Jun 13, 2016 04:05 PM

Shanghai Launches Market for Trade in Insurance Products, Services

(Shanghai) – China's first exchange trading center for insurance products opened in Shanghai on June 12, as part of the city's broader drive to become a global hub for trade in a wide range of financial products and services.

The Shanghai Insurance Exchange was set up to facilitate communication and transactions between insurers and reinsurance companies, according to material from the exchange.

It has 2.2 billion yuan ($333 million) in registered capital from 91 founding investors, ranging from established insurance giants such as Ping An Insurance (Group) Co. and China Pacific Insurance Co. to small insurers and agents. Non-financial institutions including Hundsun Technology Inc., a financial software developer partly held by Jack Ma's Ant Financial Services Group, are also among the investors.

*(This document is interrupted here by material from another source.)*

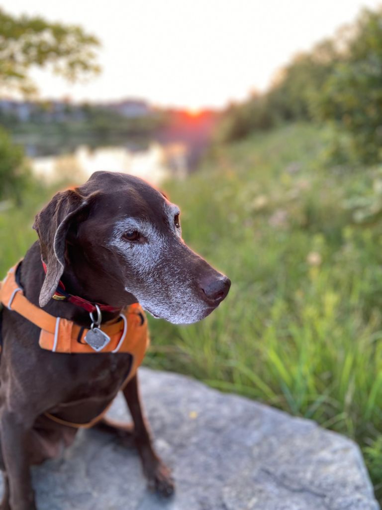 Julie takes me for a walk every morning and this is one of the first where we catch a moment to watch that blazing ball lift itself from the crease above the trees.
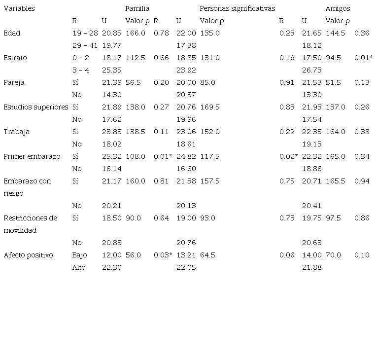 Respecto a los análisis comparativos según variables sociodemográficas, se encontró que las mujeres gestantes con estrato socioeconómico medio-alto (3 y 4) percibían mayor apoyo social por parte de sus amigos, en comparación con las mujeres que vivían en estratos bajos (0 a 2) (U=94.5; p=0.01). Las demás variables no mostraron diferencias estadísticamente significativas en las dimensiones del apoyo social percibido (Tabla 2).

The exchange will encourage reinsurance and promote shipping insurance, and will serve as a platform for advertising and bidding for important sector-related projects, Chen Wenhui, vice chairman of China Insurance Regulatory Commission (CIRC), said at the opening ceremony.

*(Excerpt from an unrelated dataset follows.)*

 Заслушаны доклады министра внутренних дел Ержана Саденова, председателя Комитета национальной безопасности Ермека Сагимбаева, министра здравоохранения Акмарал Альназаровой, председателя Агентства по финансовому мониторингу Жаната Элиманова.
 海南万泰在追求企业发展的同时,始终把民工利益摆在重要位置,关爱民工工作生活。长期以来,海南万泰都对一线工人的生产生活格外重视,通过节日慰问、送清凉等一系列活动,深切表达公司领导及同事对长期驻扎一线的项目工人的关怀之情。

The State Council, China's cabinet, approved the trading center in late 2015, four years after Shanghai proposed creating the exchange as part of its 12th Five-Year plan that included steps to develop the city into an international financial center.

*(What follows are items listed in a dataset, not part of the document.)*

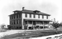 E 015 "State School for Deaf and Blind. Gooding, Idaho;" Two large stone buildings viewed from across a field. Students and other adults are posed on the steps of the larger buildings, while a group of men with wheelbarrows and other equipment work on the land between the buildings.
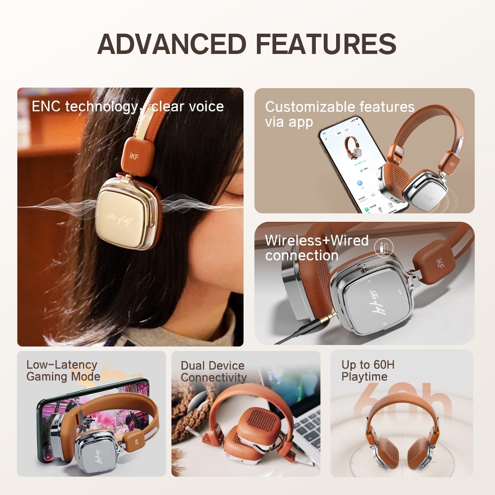 iKF R2 Wireless On-Ear Headphones Retro Wired Headset 60H Playtime Bluetooth V5.4 Multipoint Connect
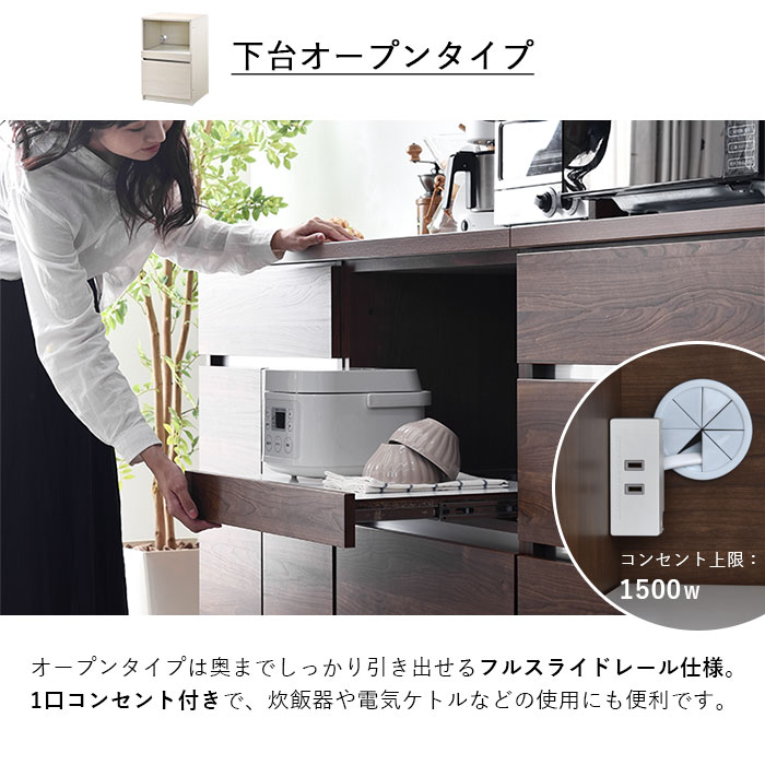 カップボード キッチン収納 レンジ台 下台 組み合わせ収納 ユニットキッチン ゴミ箱収納 キッチンボード キッチンキャビネット レンジラック レンジボード スライド棚 コンセント付き 引き出し付き 扉付き収納 フルスライドレール 可動棚 炊飯器収納 電子レンジ収納トースター収納 大容量 ユニット 大川家具
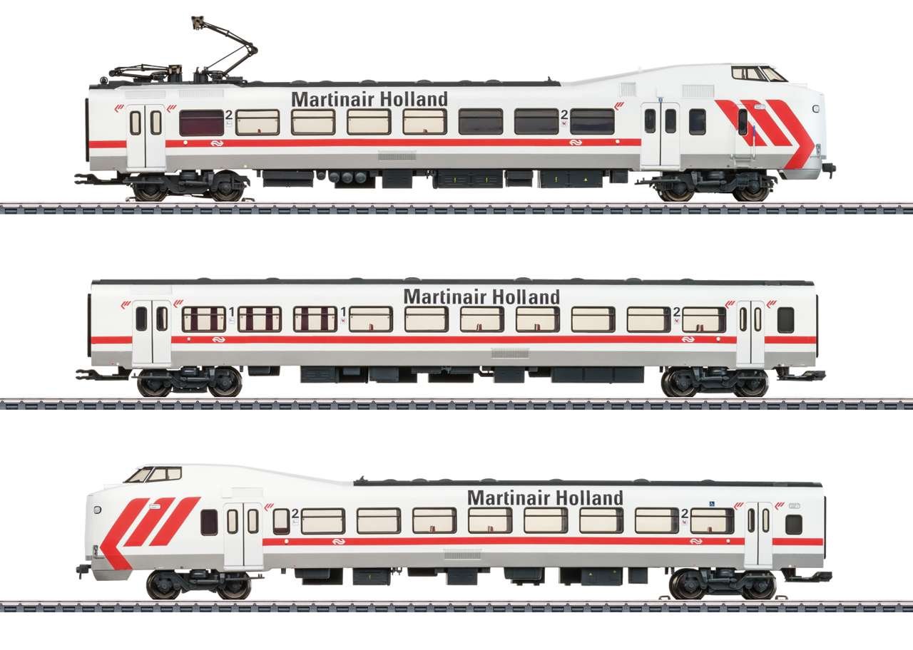 Vorbild: Dreiteiliger Elektro-Triebzug als Intercity Triebzug Baureihe ICM-1 ‘Koploper’ der Niederländischen Eisenbahnen (NS). Ausführung in der Gestaltung ‘Martinair Holland’. 1 Motorwagen als Endwagen mBk 2. Klasse, 1 Mittelwagen AB 1./2. Klasse, 1 Steuerwagen als Endwagen sBk 2. Klasse. Triebzug-Betriebsnummer 4012. Betriebszustand Juni 1986.

Shanghai already has exchanges for stocks, futures, commodities, currencies and precious metals. It is also host to the country's only shipping exchange, which facilities ship sales and compiles price indexes for cargo shipping costs.

The new exchange will allow insurance assets with long maturities that typically do not trade very well to become more liquid, partly by implementing standardized transaction documentation and procedures, said Zeng Yujin, a former insurance regulator who became the exchange's chairman.

It will also help all participant companies to be better connected, "so the efficiency (of trading) will be considerably higher than trading in a decentralized market," Zeng said.

The Shanghai government vowed in 2014 to develop the city into an international insurance center with per capita insurance premium reaching 7,300 yuan for the local population by the end of 2020. As of 2015, the figure stood at 4,658 yuan, according to data from CIRC's Shanghai bureau. Many Chinese still hesitate to buy insurance due to the country's socialist past, when incomes were low and benefits such as retirement pensions and medical care were always provided by state-run employers.

The official data also show that 55 insurance firms were registered in Shanghai, accounting for about one quarter of the national total. From January to April, those insurers received 65.7 billion yuan in premiums and paid 18.6 billion yuan to cover claims.